Overwork has nothing to do with true value creation or producing quality work. Research shows that long working hours backfire for people and companies.
Another example was how women were guided not to rely on their naturally strong feminine traits such as relationship building skills in their careers because people would think “you don’t have a lot going on between your ears”. Shaming the feminine skill set is a common strategy that comes from lack of understanding.
As a result, this firm, and many others, will see no change in their efforts to attract female talent until they address their value system thoroughly. Equally, their male leaders will be locked into the same pattern and have little chance of seeing their daughter’s next football game or their son’s drama performance.
In a culture that values only the masculine, not much will change.
You can fill positions with women but until their core values are recognised and appreciated, they will not be able to show up authentically and bring their best self to work. Women will feel frustrated and undervalued in a system that only celebrates masculine traits. You can make small shifts and gradual change by adopting improved working policies like flexible working or breast milk shipping, but unless structures, culture and the underlying value system also changes – not much will be achieved for real gender equality.
Do you believe the feminine way can be a successful strategy?
The corporate world doesn’t yet seem ready to welcome a feminine value system as a real success strategy. Companies want women, but not the core talents and traits that women can bring.
The leaders of that global consultancy firm didn’t believe in the feminine as a winning strategy. How could they possibly work differently! Overworking was a real sign of strength and power for them, that’s what successful men do, right?
The feminine principle is gentle and does things with humility. The feminine protects life and believes there’s enough for everyone. The feminine is about trusting a deep knowledge of what is ‘enough’ and so avoiding overwork. (We all have that ability if we listen carefully.) The reason women are held back is not only about the work/family narrative or flexible working hours or breast milk shipping policies.

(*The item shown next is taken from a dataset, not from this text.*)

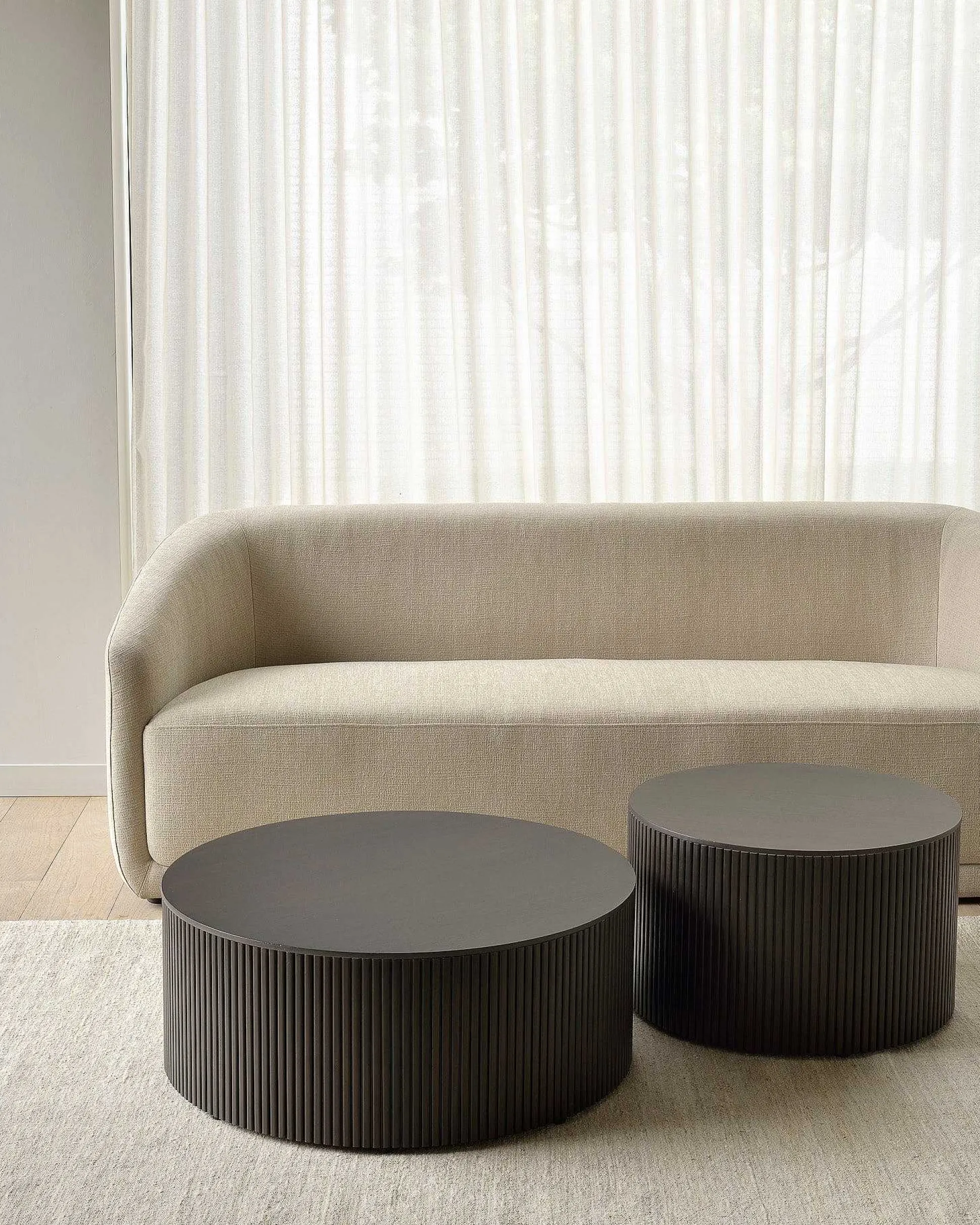 The Roller Max is a clever multifunctional item that combines a coffee table with storage. Encapsulated in its stacked wood-stick effect, the tabletop can be easily removed to hide toys, cushions, and throws from daily life. The perfect solution for smaller living.

The unspoken truth is that society does not yet believe feminine traits can be good – good for business, good for media and good for everyone in society #EachforEqual. This is a deeply rooted system flaw which will only change when both men and women recognise it. When we all understand that gender issues are not about competition (men vs women), but about collaboration – then it becomes easier for everyone to work together to change things. When we stop pointing fingers and learn to appreciate each other’s natural talents everybody wins.